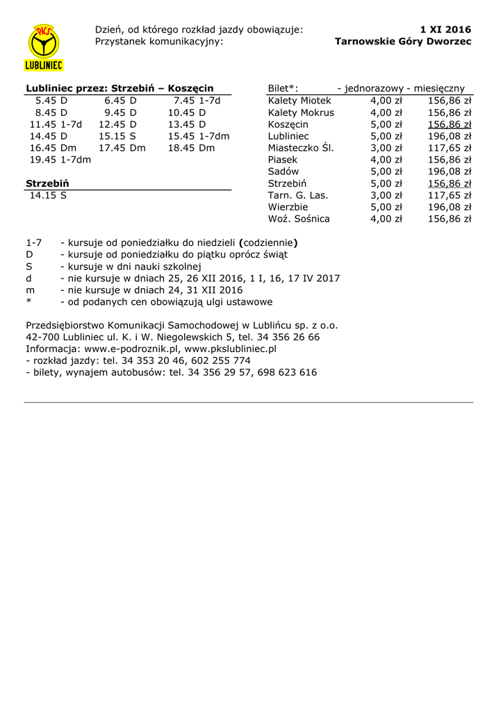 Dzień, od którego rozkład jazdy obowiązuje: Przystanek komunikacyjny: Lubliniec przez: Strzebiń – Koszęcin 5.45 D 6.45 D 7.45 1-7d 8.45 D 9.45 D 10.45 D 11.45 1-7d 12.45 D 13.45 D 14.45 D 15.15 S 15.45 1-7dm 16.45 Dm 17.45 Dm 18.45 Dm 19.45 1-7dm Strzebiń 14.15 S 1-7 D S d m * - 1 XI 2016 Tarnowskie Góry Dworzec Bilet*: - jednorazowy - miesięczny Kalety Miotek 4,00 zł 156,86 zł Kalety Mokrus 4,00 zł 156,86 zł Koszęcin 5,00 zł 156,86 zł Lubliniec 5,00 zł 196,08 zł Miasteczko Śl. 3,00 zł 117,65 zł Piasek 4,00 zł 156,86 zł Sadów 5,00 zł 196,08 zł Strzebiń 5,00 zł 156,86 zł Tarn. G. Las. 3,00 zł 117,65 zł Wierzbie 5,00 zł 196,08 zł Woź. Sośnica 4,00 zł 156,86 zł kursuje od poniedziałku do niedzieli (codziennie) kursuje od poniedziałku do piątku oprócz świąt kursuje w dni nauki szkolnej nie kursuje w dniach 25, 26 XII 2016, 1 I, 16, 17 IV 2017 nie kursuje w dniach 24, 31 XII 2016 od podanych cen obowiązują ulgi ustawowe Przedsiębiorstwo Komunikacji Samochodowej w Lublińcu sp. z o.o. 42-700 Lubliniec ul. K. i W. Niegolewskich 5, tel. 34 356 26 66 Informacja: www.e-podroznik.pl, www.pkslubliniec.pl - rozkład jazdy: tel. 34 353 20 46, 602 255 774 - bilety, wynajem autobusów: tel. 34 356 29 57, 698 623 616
...
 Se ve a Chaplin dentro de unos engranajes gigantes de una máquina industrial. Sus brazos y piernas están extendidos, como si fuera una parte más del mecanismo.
---
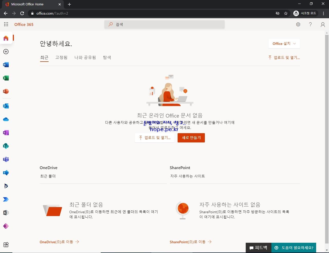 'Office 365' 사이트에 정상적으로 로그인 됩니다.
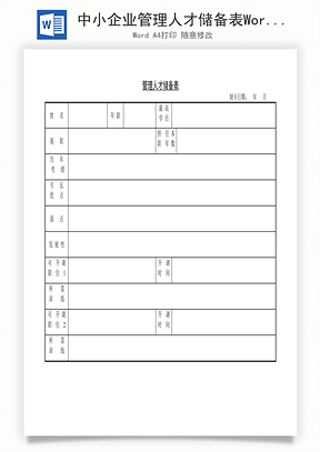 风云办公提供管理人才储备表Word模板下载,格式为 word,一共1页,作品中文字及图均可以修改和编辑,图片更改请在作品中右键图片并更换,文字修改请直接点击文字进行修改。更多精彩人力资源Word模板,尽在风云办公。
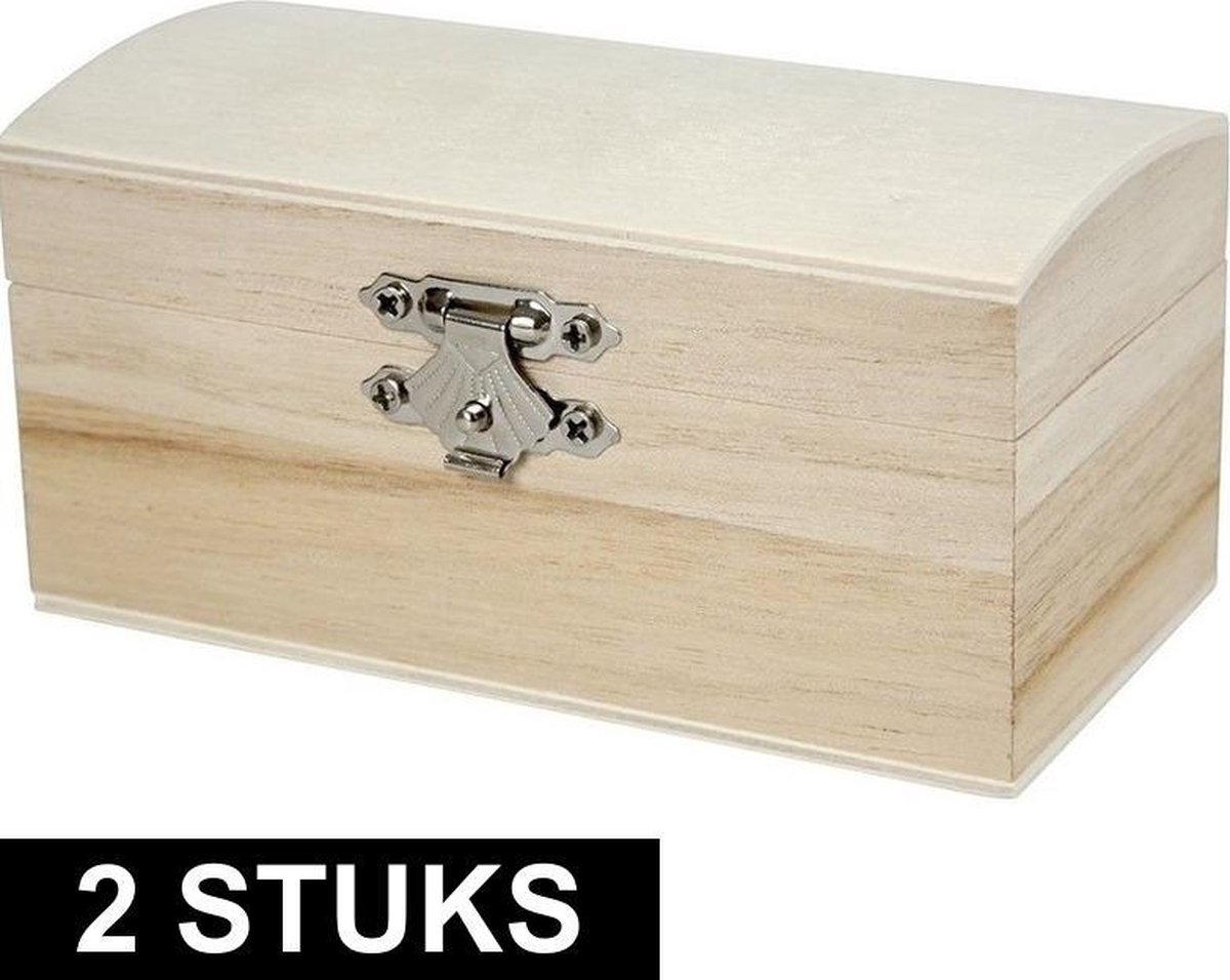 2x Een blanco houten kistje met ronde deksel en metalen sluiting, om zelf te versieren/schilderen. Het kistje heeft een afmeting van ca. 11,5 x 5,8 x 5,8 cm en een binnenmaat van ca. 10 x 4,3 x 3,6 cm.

### GOAL OF THE EXERCISE
Copy the listing above exactly, but only from the line with "风云办公提供管理人才储备表W" through the line with "2x Een blanco", including those two lines and excluding any picture.

### OUTPUT FOR THIS TASK
 风云办公提供管理人才储备表Word模板下载,格式为 word,一共1页,作品中文字及图均可以修改和编辑,图片更改请在作品中右键图片并更换,文字修改请直接点击文字进行修改。更多精彩人力资源Word模板,尽在风云办公。
 2x Een blanco houten kistje met ronde deksel en metalen sluiting, om zelf te versieren/schilderen. Het kistje heeft een afmeting van ca. 11,5 x 5,8 x 5,8 cm en een binnenmaat van ca. 10 x 4,3 x 3,6 cm.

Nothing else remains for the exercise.